Good morning, everyone. I want to know what I would need to create a website that stores the current and updated prices of different known web pages. I'm doing a project and I need help.
Good morning, everyone. I want to know what I would need to create a website that stores the current and updated prices of different known web pages. I'm doing a project and I need help.
Good morning. To collect information from other pages (web scraping), I recommend using CURL. You can even skip CAPTCHAS (I do it with google). Of course then you must process the information you take and store it.
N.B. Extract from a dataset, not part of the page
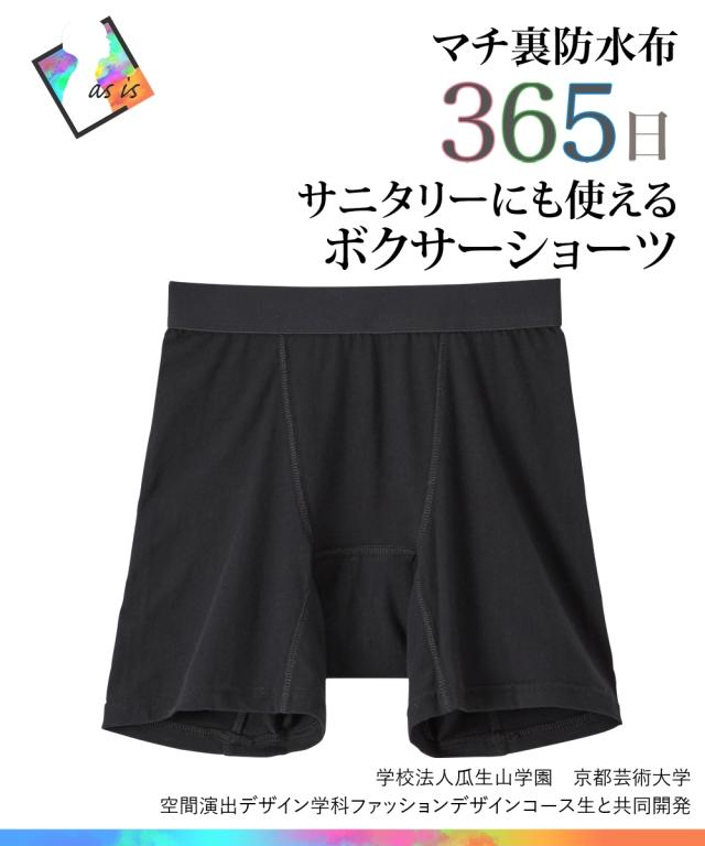 【FTM】【365日使える】綿混ストレッチFTMボクサーサニタリーショーツ巷にあるサニタリーショーツはほとんどかわいいデザインやレース付きそんなことありませんかもっとシンプルですっきりしたデザインがあってもいいのではすべてのお客様に喜んでいただきたい。そんな思いでつくられた【asis】の【365日使える】ボクサーサニタリーショーツ表生地は綿95%でやさしい肌ざわりマチ部分はナプキンを挟み込める仕様に肌にあたる側は綿100%素材だからボクサーショーツとしてもはいていただけます〜POINT〜・着心地快適身生地は綿混素材で適度なストレッチ感があり優しい肌ざわり。・サニタリーにもショーツにもマチ部分の仕様によりサニタリーにもショーツにも365日、年中着用していただける便利なサニタリーショーツです。・パターンにもこだわりましたメンズの商品に長年携わっていたパタンナー(型紙制作者)に雰囲気を壊さず着用感よく仕上げてもらいました。・学生たちと一緒に取り組みました学校法人瓜生山学園 京都芸術大学空間演出デザイン学科ファッションデザインコース生と様々な視点で検討し共同開発しました。沢山の時間をかけて研究開発いたしました。今まで

Here I leave you a small example.
$ch1 = curl_init('string_url');
$options1 = array(CURLOPT_POST => true,
CURLOPT_HEADER => $request_headers,
CURLOPT_RETURNTRANSFER => true,
CURLOPT_FOLLOWLOCATION => true,
CURLOPT_POSTFIELDS => (Si vas a enviar parametros)
);
curl_setopt_array($ch1, $options1);
$page = curl_exec($ch1);
if(curl_exec($ch1) === false)
{
\print_r(curl_error($ch1));
//Posibles Errores
}
curl_close($ch1);
$dom = new \DOMDocument();
$dom->validateOnParse = true;
$dom->preserveWhiteSpace = false;
$dom->substituteEntities = false;
//Load Document Object Model
$dom->loadHTML($page);
$domxPath = new \DOMXPath($dom);
$urls = $domxPath->query("/html/body//div[@class='precios']");
//Esta linea final es donde debes buscar el contenedor que tiene la
//información que te interesa.
You basically need knowledge of:
Basically you have to create an html structure with its css design and through javascript and ajax calls, you make requests to a php that will return the data to be shown, for example, by json from a mysql database.
Logically you have to fill the database with data collected by means of bots that you will launch from a cron and you will probably have to program them with php and bash mixes and maybe other utilities.
As you see is complex and you need to master many techniques so I recommend you look for ready-made projects that resemble what you want and adapt.
For example, you can install a Drupal and do everything through the existing plugins (search by scraping for data collection, you have to do that part anyway).
I, instead of running a whole software you, I recommend that you waste time looking at some tools that already do that. They are called crawlers.
There are many. If you know php, this can work for you: link
But if you search crawler in google you will see the huge amount of tools that there are.